Study | Film | ext | neur | imp | soc | lie | traitanx | state1 | EA1 | TA1 | PA1 | NA1 | EA2 | TA2 | PA2 | NA2 | state2 | MEQ | BDI |
---|---|---|---|---|---|---|---|---|---|---|---|---|---|---|---|---|---|---|---|
maps | 3 | 18 | 9 | 7 | 10 | 3 | 24 | 22 | 24 | 14 | 26 | 2 | 6 | 5 | 7 | 4 | NA | NA | 0.0476190 |
maps | 3 | 16 | 12 | 5 | 8 | 1 | 41 | 40 | 9 | 13 | 10 | 4 | 4 | 14 | 5 | 5 | NA | NA | 0.3333333 |
maps | 3 | 6 | 5 | 3 | 1 | 2 | 37 | 44 | 1 | 14 | 4 | 2 | 2 | 15 | 3 | 1 | NA | NA | 0.1904762 |
maps | 3 | 12 | 15 | 4 | 6 | 3 | 54 | 40 | 5 | 15 | 1 | 0 | 4 | 15 | 0 | 2 | NA | NA | 0.3846154 |
maps | 3 | 14 | 2 | 5 | 6 | 3 | 39 | 67 | 12 | 20 | 7 | 13 | 14 | 15 | 16 | 13 | NA | NA | 0.3809524 |
maps | 1 | 6 | 15 | 2 | 4 | 5 | 51 | 38 | 9 | 14 | 5 | 1 | 7 | 12 | 2 | 2 | NA | NA | 0.2380952 |
The following code implements a simple SEM with only a single
manifest variables and two parameters, the mean of state anxiety after
having watched a movie (state2
), μ, and the variance of state
anxiety, σ2.
library(OpenMx)
manifests<-c("state2")
latents<-c()
model <- mxModel("Univariate Normal Model",
type="RAM",
manifestVars = manifests,
latentVars = latents,
mxPath(from="one",to=manifests, free=c(TRUE),
value=c(50.0) , arrows=1, label=c("mu") ),
mxPath(from=manifests,to=manifests, free=c(TRUE),
value=c(100.0) , arrows=2, label=c("sigma2") ),
mxData(affect, type = "raw")
);
result <- mxRun(model)
#> Running Univariate Normal Model with 2 parameters
These are the estimates of the model when run on the entire sample:
summary(result)
#> Summary of Univariate Normal Model
#>
#> free parameters:
#> name matrix row col Estimate Std.Error A
#> 1 sigma2 S state2 state2 115.05414 12.4793862
#> 2 mu M 1 state2 42.45118 0.8226717
#>
#> Model Statistics:
#> | Parameters | Degrees of Freedom | Fit (-2lnL units)
#> Model: 2 168 1289.158
#> Saturated: 2 168 NA
#> Independence: 2 168 NA
#> Number of observations/statistics: 330/170
#>
#> Information Criteria:
#> | df Penalty | Parameters Penalty | Sample-Size Adjusted
#> AIC: 953.1576 1293.158 1293.194
#> BIC: 314.9100 1300.756 1294.412
#> CFI: NA
#> TLI: 1 (also known as NNFI)
#> RMSEA: 0 [95% CI (NA, NA)]
#> Prob(RMSEA <= 0.05): NA
#> To get additional fit indices, see help(mxRefModels)

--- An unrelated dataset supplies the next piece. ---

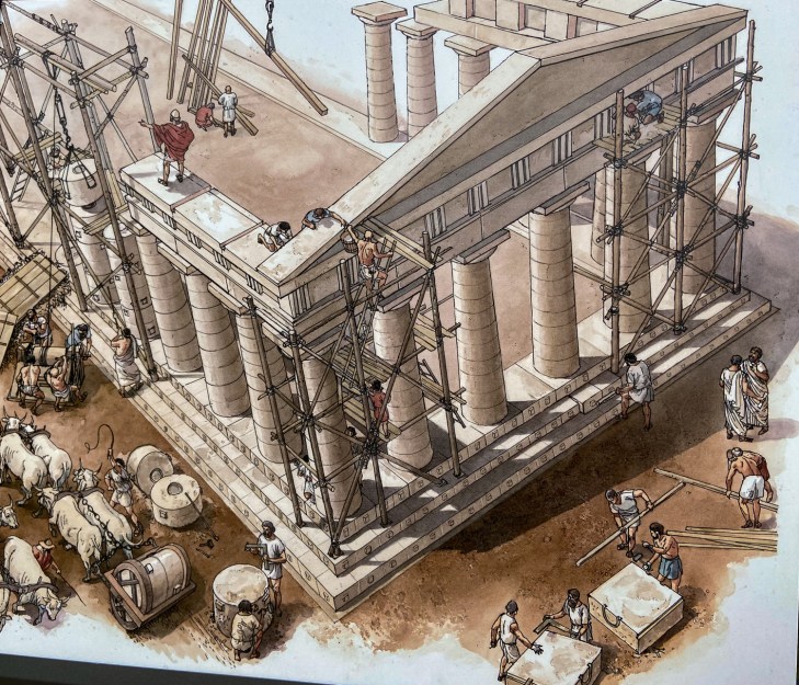 Iältään vanhimmasta, jo 600 vuotta ennen ajanlaskuamme rakennetun Herkuleksen temppelistä Goethe erotti muinaisen symmetrian jälkiä. Hänen aikanaan pylväsrivit, jotka reunustivat temppeliä molemmin puolin, makasivat maassa samansuuntaisesti pohjoisesta etelään. Nyt ne ovat taas pystyssä.

#> timestamp: 2024-10-31 05:37:46
#> Wall clock time: 0.01643586 secs
#> optimizer: SLSQP
#> OpenMx version number: 2.21.13
#> Need help? See help(mxSummary)
Create a forest control object that stores all tuning parameters of the forest. Note that we use only 5 trees for illustration. Please increase the number in real applications to several hundreds. To speed up computation time, consider score-based test for variable selection in the trees.
control <- semforest_control(num.trees = 5)
print(control)
#> SEM-Forest control:
#> -----------------
#> Number of Trees: 5
#> Sampling: subsample
#> Comparisons per Node: 2
#>
#> SEM-Tree control:
#> ▔▔▔▔▔▔▔▔▔▔
#> ● Splitting Method: fair
#> ● Alpha Level: 1
#> ● Bonferroni Correction:FALSE
#> ● Minimum Number of Cases: NULL
#> ● Maximum Tree Depth: NA
#> ● Number of CV Folds: 5
#> ● Exclude Heywood Cases: FALSE
#> ● Test Invariance Alpha Level: NA
#> ● Use all Cases: FALSE
#> ● Verbosity: FALSE
#> ● Progress Bar: TRUE
#> ● Seed: NA
Now, run the forest using the control
object:
Next, we compute permutation-based variable importance. This may take some time.
vim <- varimp(forest)
print(vim, sort.values=TRUE)
#> Variable Importance
#> Study Film NA2 PA2 TA2 state1
#> 7.746036 11.281160 27.829022 28.542936 67.803211 99.084569
plot(vim)
From this, we can learn that variables such as NA2
representing negative affect (after the movie), TA2
representing tense arousal (after the movie), and state1
representing the state anxiety before having watched the movie, are the
best predictors of difference in the distribution of state anxiety (in
either mean, variance or both) after having watched the movie.